QIQI WANG: The other way. Scroll up. Right. So what I'm doing is I'm expanding this term as the first line, this term at the second line, this term as the third line, and this is the fourth line. I'm just writing things down, and it's different lines, and I'm also aligning the same derivatives of u on the same color. Is it clear?

So how do I choose the coefficients? I'm going to choose coefficients to cancel as many terms as possible. I'm going to choose, first of all, the first priority is to cancel anything that is ui, anything multiplied on ui. So what x should I choose?

AUDIENCE: [INAUDIBLE].

QIQI WANG: Exactly. x has to be equal to 1 because I want these two terms, I want them to be canceled. The only way to cancel this is we choose x equal to 1. Is it clear? And what should I do to ensure that this term also cancels?

AUDIENCE: [INAUDIBLE].

QIQI WANG: What? Somebody?

AUDIENCE: [INAUDIBLE].

QIQI WANG: y plus z equal to 1.

AUDIENCE: [INAUDIBLE].

QIQI WANG: Equal to delta t. Exactly. y plus z has to equal to delta t in order for this, this, and this to cancel. y plus z has equal to delta t. Do we have a question? No? All right. What can we do to cancel this?

AUDIENCE: [INAUDIBLE].

QIQI WANG: We need to have minus z delta t to cancel with the last delta t squared over 2. So we have z delta t has to equal to delta t squared over 2, which means z has to equal to 1/2 of delta t. Now, the question is, can I cancel more? Can I make sure I can cancel more? No. I only have three terms to play around with. I only have three unknowns, x, y, and z.

So I can only satisfy three equations. On [INAUDIBLE] that of the three equations. There is [INAUDIBLE] that satisfy automatically. So unless I'm super lucky, I can only tune the three unknowns to satisfy three linear equations. All right.

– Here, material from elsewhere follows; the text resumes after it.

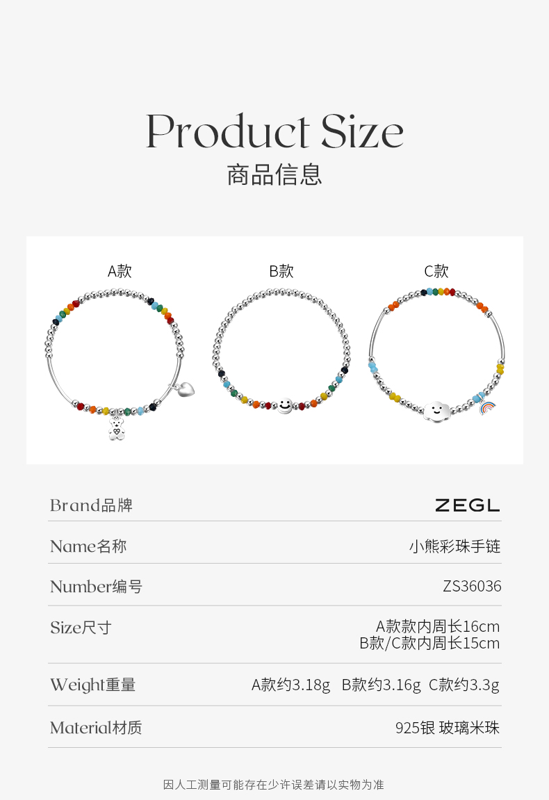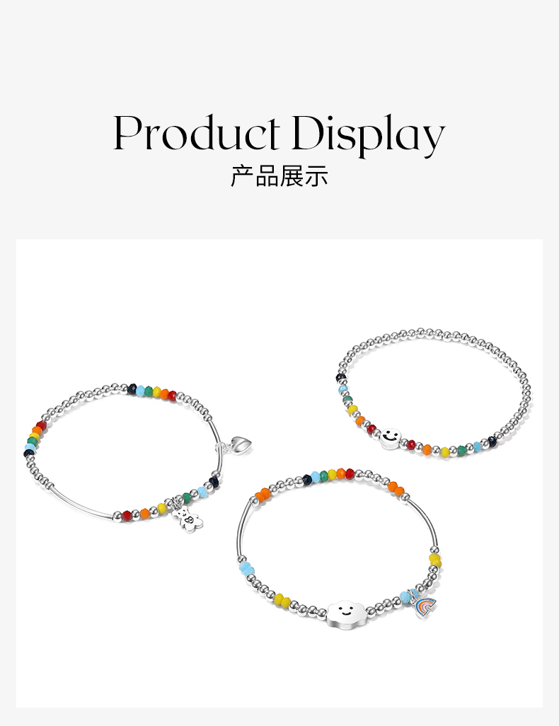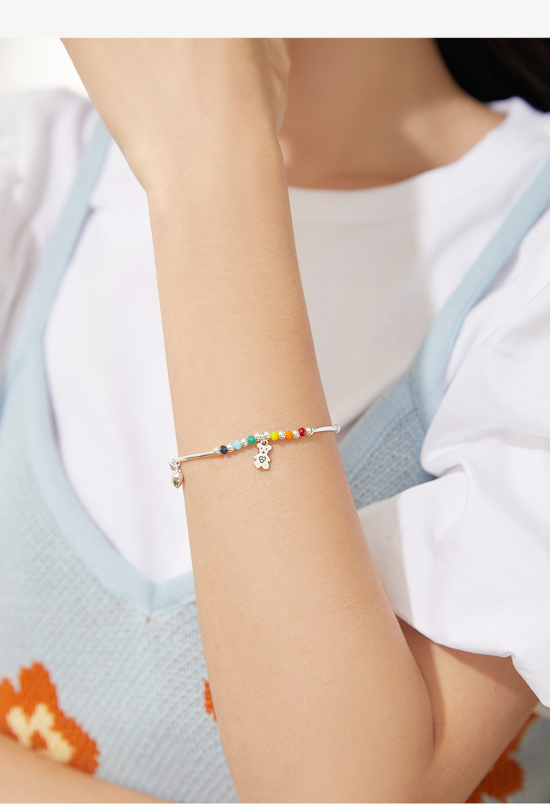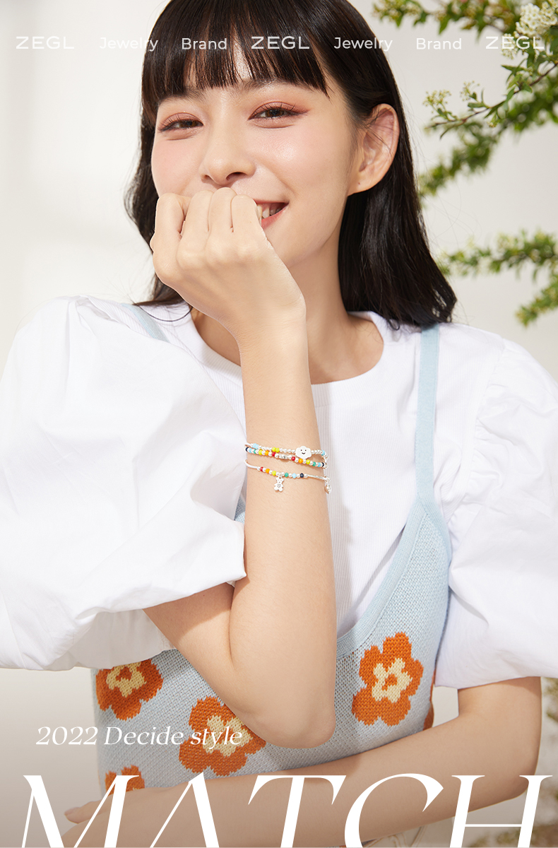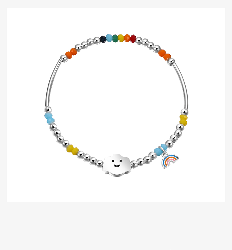 ZEGL小彩串彩虹串珠手链女生925纯银夏日多巴胺穿搭彩色笑脸手饰

So in this case, it is pretty clear that z has to equal to 1/2 of t and y because of the second equation also has to be equal to 1/2 of t. Or I can just take these three equations and make it a matrix. I can take these three equations and particularly, I can make, if I can-- well, let me see. If I can divide the second and third equations by delta t so that the unknowns are x and y over delta t and z over delta t. If I make them as the unknowns, then I can write the equation as x, y, z equal to 1, 1, and 1/2.

How can I do that? How can I fill in this matrix?

AUDIENCE: [INAUDIBLE].

QIQI WANG: Well, the first line is 1, 0, 0. Thank you. It's just the first equation x equal to 1. What about the second line? I mean, this is not y, z, but y over delta t and z over delta t. What is the second line?

AUDIENCE: [INAUDIBLE].

QIQI WANG: 0, 1, 1. Exactly. And what is the third line? 0, 0, 1. I mean, this looks obvious, but as you get to more complex schemes, as what's your name again?

AUDIENCE: Jacobi.

QIQI WANG: Jacobi. Jacobi has discovered in his [? one ?] contact schemes, you cannot just by looking at equations and get all the coefficients. You have to solve a matrix equation like that. And in MATLAB, let me set up this matrix. This matrix is 1, 0, 0, the first line. The second line is 0, 1, 1. The third line 0, 0, 1. This is the matrix. Exactly. The matrix.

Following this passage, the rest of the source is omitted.